Assessing Intuit (INTU) Valuation After Workforce Cuts And Raised 2026 Guidance
Intuit INTU | 0.00 |
Intuit (INTU) has been in focus after announcing a 17% workforce reduction, alongside higher fiscal 2026 revenue and earnings guidance. This combination landed just as TurboTax usage and revenue expectations softened.
Despite a 1-day share price return of 5.92% taking Intuit to US$331.53, the stock is still down 16.92% on a 30-day share price basis and the 1-year total shareholder return has declined 55.64%. This points to weak momentum even after the earnings beat, raised guidance, Mailchimp AI launch, and the recently confirmed dividend and buyback activity.
If you are reassessing software exposure after Intuit's pullback, it may be worth seeing which AI driven peers are holding up better via 60 profitable AI stocks that aren't just burning cash
With Intuit trading well below analyst targets and its own guidance pointing to higher revenue and earnings, the key question is whether the recent weakness has left the stock undervalued or if the market is already pricing in that future growth.

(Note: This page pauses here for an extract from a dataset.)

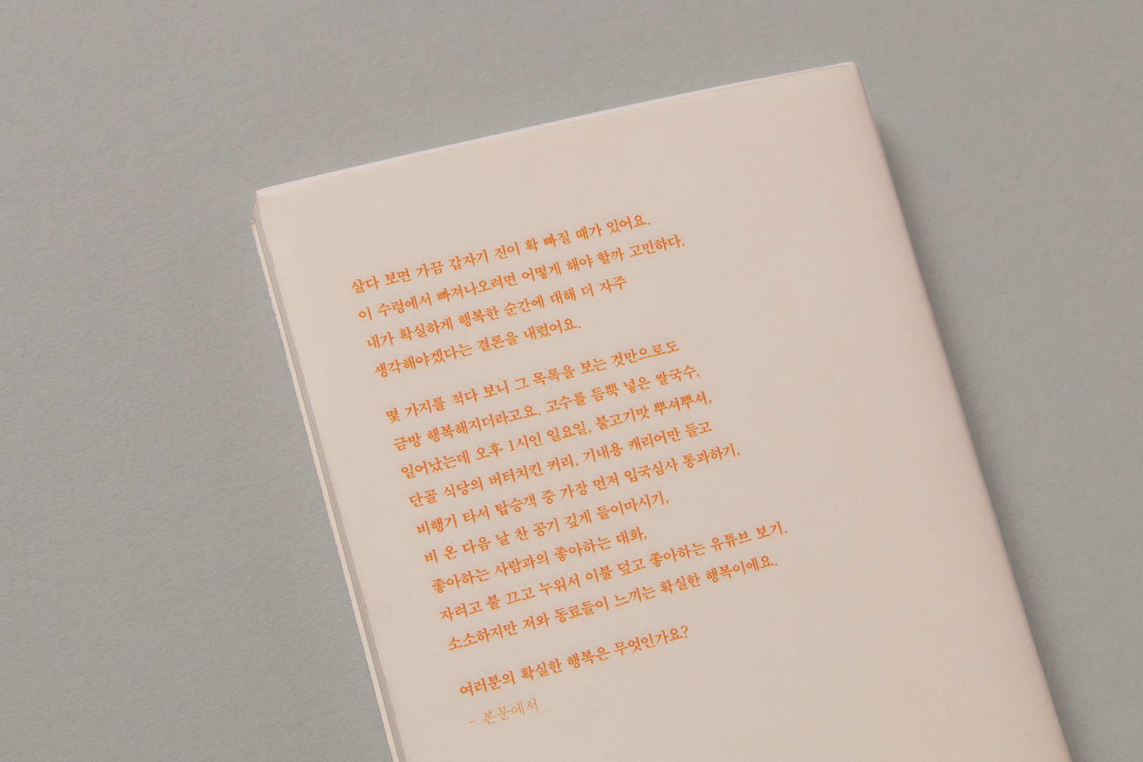구독자와의 거리를 좁히는 방법으로 글을 다루는 사람이 낼 수 있는 아이디어는 '책'이었고, 바로 함께 인사말을 쓰던 팀 동료들에게 공유했어요. 자신 없이 제안했는데 다들 ‘도전해보자'는 긍정적인 반응이어서 힘을 얻었습니다. 그동안 오렌지레터 굿즈 출시를 기다려주셨던 몇몇 구독자분들에게도 좋은 소식이 되겠다고 생각했어요.

Most Popular Narrative: 40.8% Undervalued
According to the most followed Intuit narrative, the stock price of $331.53 sits well below an assessed fair value of $560. This creates a wide valuation gap driven by cash flow assumptions rather than near term sentiment.
The business quality here is not in question. The cash generation is phenomenal, the moat is real, the AI strategy is credible, and management has skin in the game. This is one of the highest-quality software businesses on the planet.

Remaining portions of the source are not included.